Paulo Guedes chegou a Brasília carregando a fama de que não tinha experiência como gestor de equipes e de ser uma pessoa de difícil convívio. Por isso, sempre se saiu melhor como investidor, consultor e palestrante, onde conseguia encantar plateias, especialmente formada por seus pares. No governo, tem demonstrado falta de foco na formulação e apresentação de projetos — como disse Marinho — e repete sempre frases feitas, qualquer que seja o seu interlocutor. Na relação com a imprensa, não entendeu o básico sobre comunicação institucional.
Apesar da formação de economista, Guedes não parece muito afeito aos números. É comum o ministro arredondar dados para cima e fazer contas de 10 anos para, em qualquer contexto, chegar à casa do trilhão. Na semana passada, usou o artifício para dizer que o país já tem garantido R$ 1,2 tri de investimentos nesta década pelos marcos legais em andamento, da cabotagem, setor elétrico, saneamento e privatizações. Antes da pandemia, enquanto as projeções do mercado para o PIB caíam, ele dizia que o país ia “crescer o dobro” e citava dados da arrecadação, como faz até hoje. Quem acompanha as coletivas da Receita sabe que esse não é o melhor indicador antecedente de atividade. A entrada de recursos no caixa do Tesouro pode variar com pagamentos extraordinários e de acordo com o calendário. É uma estatística poluída.
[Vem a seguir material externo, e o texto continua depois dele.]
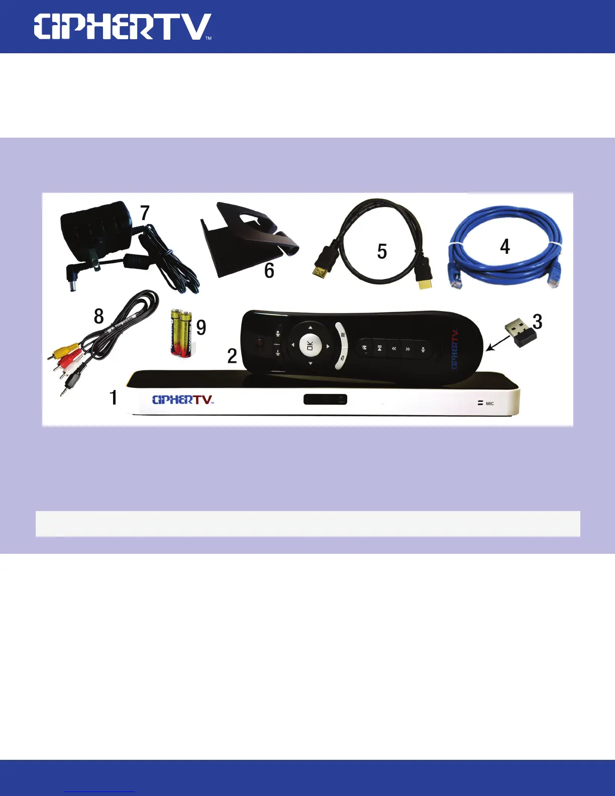 Infrared Remote, Micro-SD or TF card. For replacement parts visit www.ciphertv.com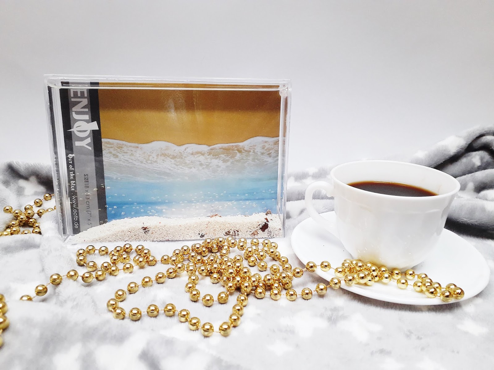 Uwielbiam fotografie, szczególnie te pięknie wyeksponowane. Dla osób, które lubią wieszać ramki, a w nich pamiątkowe zdjęcia, na pewno ucieszą się, jeżeli do prezentów dołączona będzie jeszcze ramka do postawienia. Jednak nie jest ona taka zwykła. W środku niej znajduje się woda, do której dosypano piasek i kilka muszelek. Kiedy włożymy zdjęcie i zaczniemy przekręcać ramkę, co w rezultacie oznacza przemieszczanie się piasku, powstanie ciekawy efekt, który doda zdjęciu niepowtarzalny charakter.

A última semana foi exemplar do comportamento errático do ministro. Na entrevista em que anunciou o Renda Cidadã, na segunda-feira, defendeu o programa, alegando que ele tinha encontrado o timing perfeito para entrar na pauta. Na terça, silenciou, enquanto o relator do Orçamento, Márcio Bittar, defendia a ideia, que teve forte reação negativa do mercado. Na quarta-feira, Guedes apareceu de última hora na apresentação dos dados do Caged. Chamou o uso de precatórios de puxadinho, embora Bittar tenha afirmado que a proposta tenha nascido no Ministério da Economia. Terminou a semana em nova troca de farpas com Marinho.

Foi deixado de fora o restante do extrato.